И в той же мере велики, доходят до граней крайних, его чувствительность к хуле и похвале, его сознание себя центром вселенной. «Темечко не выдержало», – комментировал Твардовский это обольщение Солженицына своей славой.
В «Теленке» сделан роковой шаг от великого до смешного. И тогда, когда автор с удовлетворением замечает, что «обминул его Бог творческими кризисами, приступами отчаяния и бесплодия»; и когда говорит, что за многие годы «ни в одном человеке и ни в одном событии не ошибся» (в то время как вся его книга – реестр ошибок и разочарований в людях), и когда, отказывая Твардовскому в благодарности за публикацию «Ивана Денисовича», заявляет, что «Троя своим существованием все-таки не обязана Шлиману».

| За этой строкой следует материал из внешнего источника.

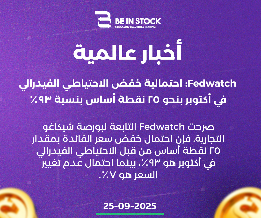 Fedwatch: احتمالية خفض الاحتياطي الفيدرالي في أكتوبر بنحو 25 نقطة أساس بنسبة 93% سبتمبر 25, 2025 لا توجد تعليقات
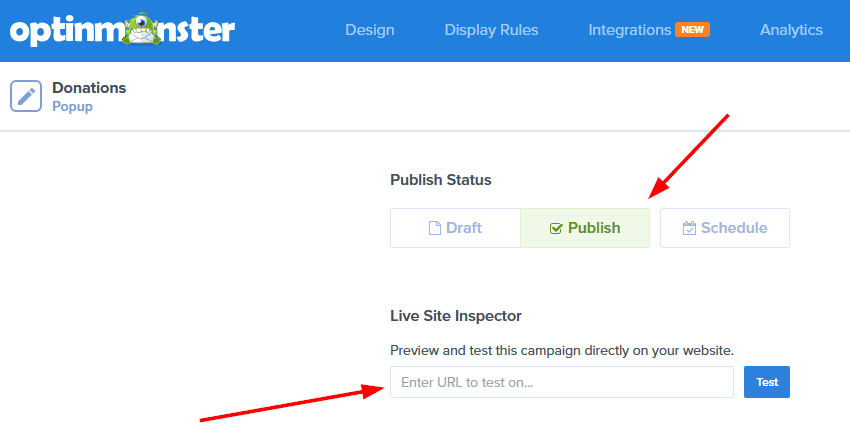 Once you’re happy with the design and settings, set the campaign Status to Publish and then Save your campaign. You can enter your site to preview the popup.

«Троя не обязана Шлиману» – каков афоризм! Наша Троя, как говорится, не страдает избытком скромности. Но в этой образной аналогии я заступился бы не только за Твардовского, но и за Шлимана. Не будь этого гениального немца, Троя еще долго не обнаружилась бы для нашего мира, может быть, не была бы открыта и вовсе, подобно тому, как доныне дремлют под землею и водами десятки забытых очагов цивилизации. Что же до судьбы Солженицына, то, боюсь, его просто не существовало бы как писателя. Он мог бы, конечно, утешать себя тем, что те, «кому невидимым струением посылается, те воспримут». Одна надежда на «невидимое струение» и оставалась бы. И если б все же по счастливой случайности его потайные сочинения уцелели для будущих поколений, ими заинтересовались бы разве что какие-нибудь, говоря его словом, «гробокопатели» из журнала «Москва XX века».

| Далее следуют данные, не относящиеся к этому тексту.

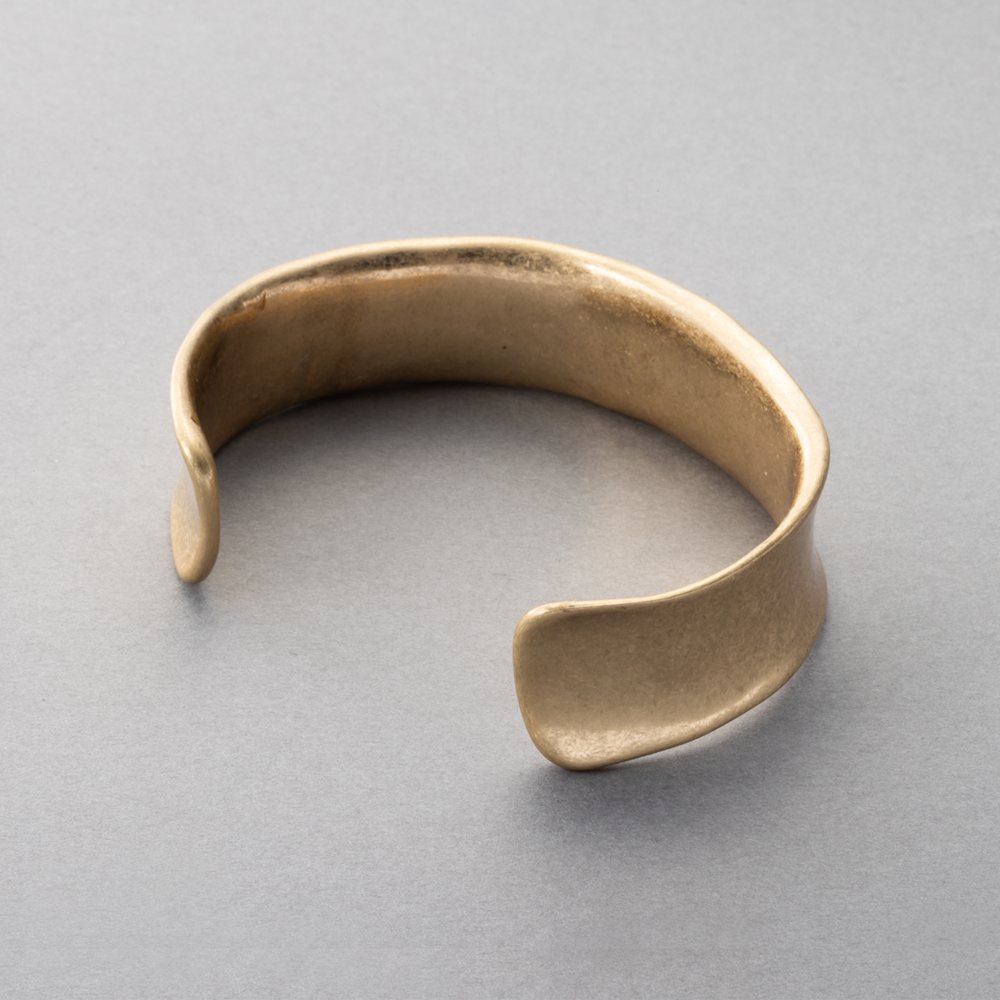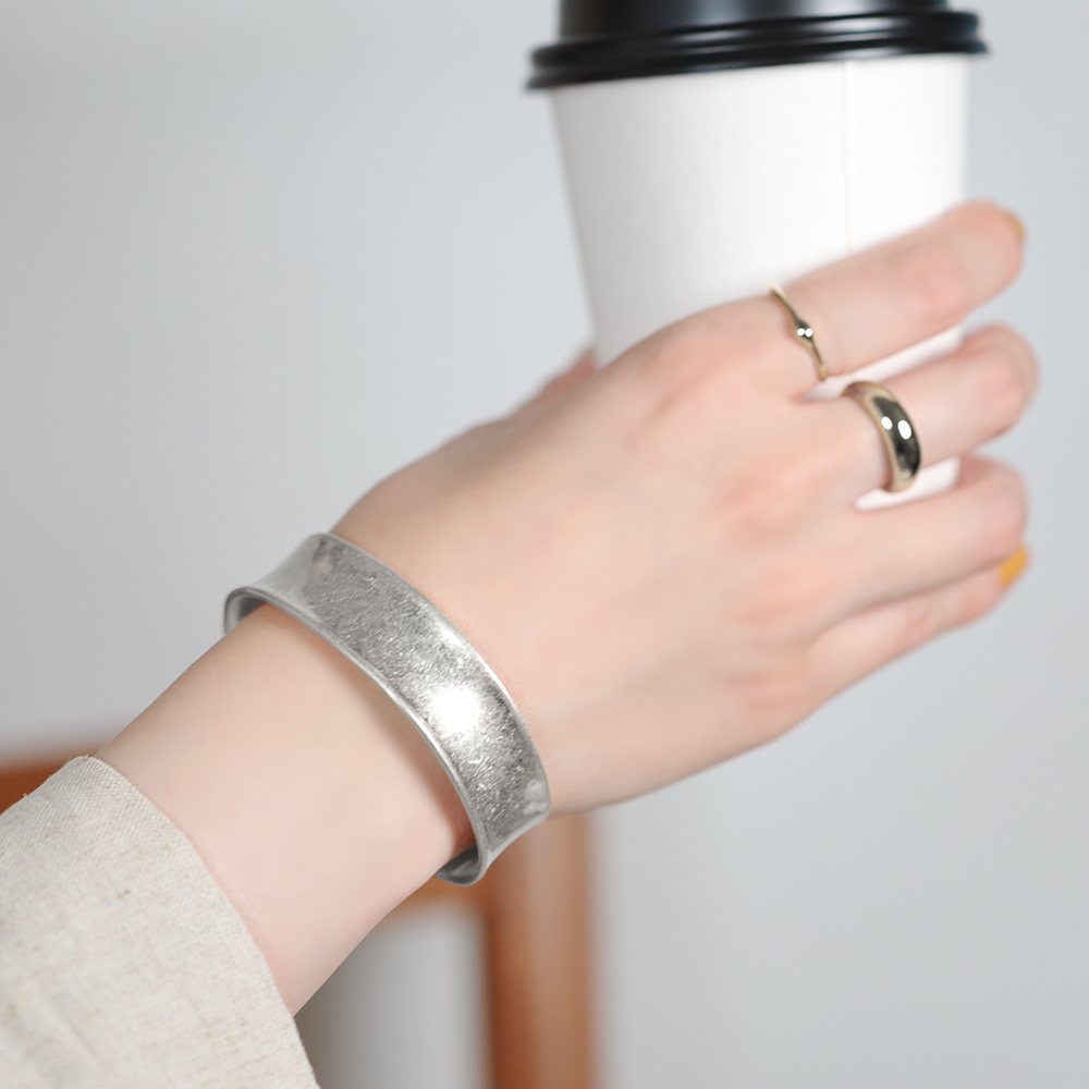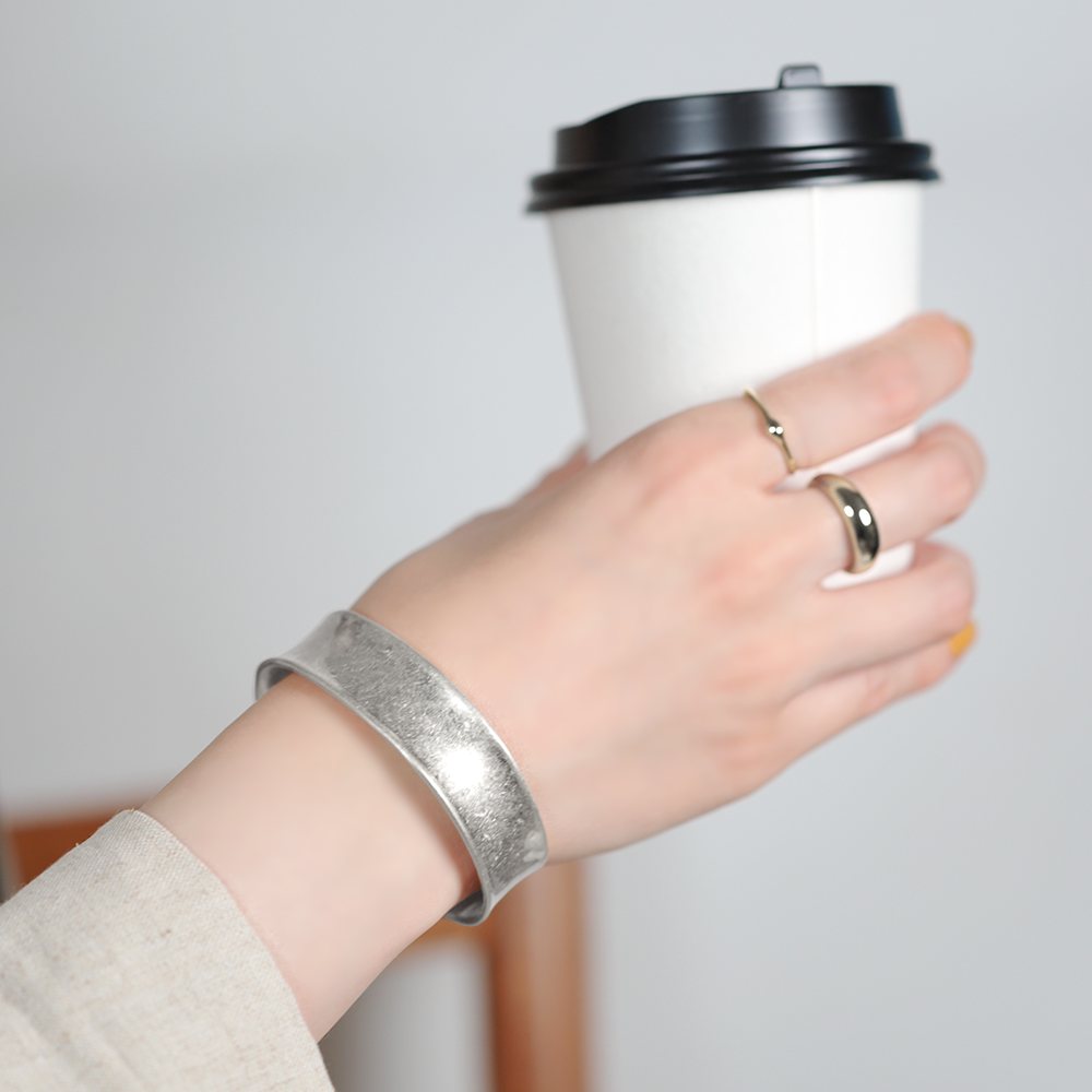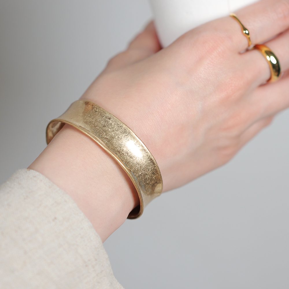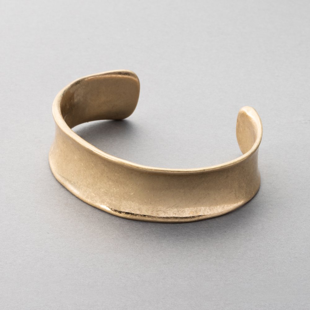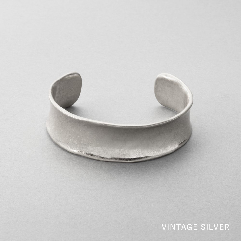 カーブメタルのヴィンテージ調オープンバングル。少しくびれたカーブラインと幅広なフォルムが、いつものスタイルを大人モードにクラスアップ。表面に加工を施したセミマットな質感がヴィンテージライクな逸品です。
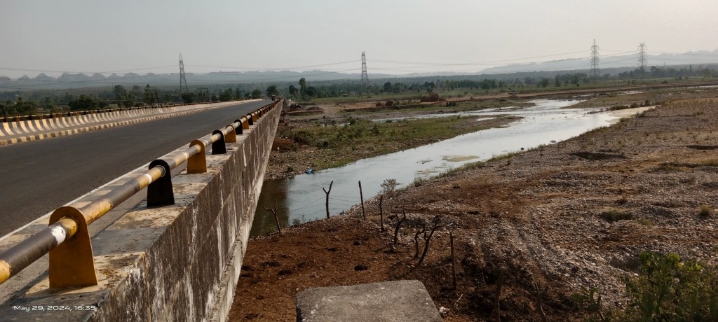 There were dumps of freshly mined riverbed mineral close to the bridge. The cattle, local people had taken shelter beneath the bridge to escape intense heat spell.

«Рукописи не горят». Но беда в том, что и «Иван Денисович», и романы Солженицына представляли бы тогда, наверное, куда более отвлеченный исторический интерес. Искусство долговечно, но все же в литературе «открытие» хорошо, когда своевременно, когда книга – часть живой жизни общества. Так что наша Троя напрасно гневается на своего Шлимана и еще укоряет, что тот не спешил открыть ее из курганов безвестности.

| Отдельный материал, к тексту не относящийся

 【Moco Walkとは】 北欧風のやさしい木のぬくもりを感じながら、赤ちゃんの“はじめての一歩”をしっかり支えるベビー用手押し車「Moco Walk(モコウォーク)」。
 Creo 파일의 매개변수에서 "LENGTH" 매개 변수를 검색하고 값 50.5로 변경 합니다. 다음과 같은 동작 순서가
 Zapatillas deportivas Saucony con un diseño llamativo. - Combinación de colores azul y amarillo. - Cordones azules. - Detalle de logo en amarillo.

Конечно, сейчас самоощущение Нобелевского лауреата, на длительный срок приковавшего к себе внимание Европы и Америки, совершающего свои гастрольные турне и выступающего на торжественных банкетах в его честь, несколько иное. Он будто летит в бесконечном пространстве и спешит забыть, что первую космическую скорость дал ему журнал Твардовского. Без него он не одолел бы земного притяжения либо вовсе сгорел в плотных слоях атмосферы. Ему же чудится, что все его движение – и вчера, и сегодня – самодвижение его гения, предначертанный Провидением полет.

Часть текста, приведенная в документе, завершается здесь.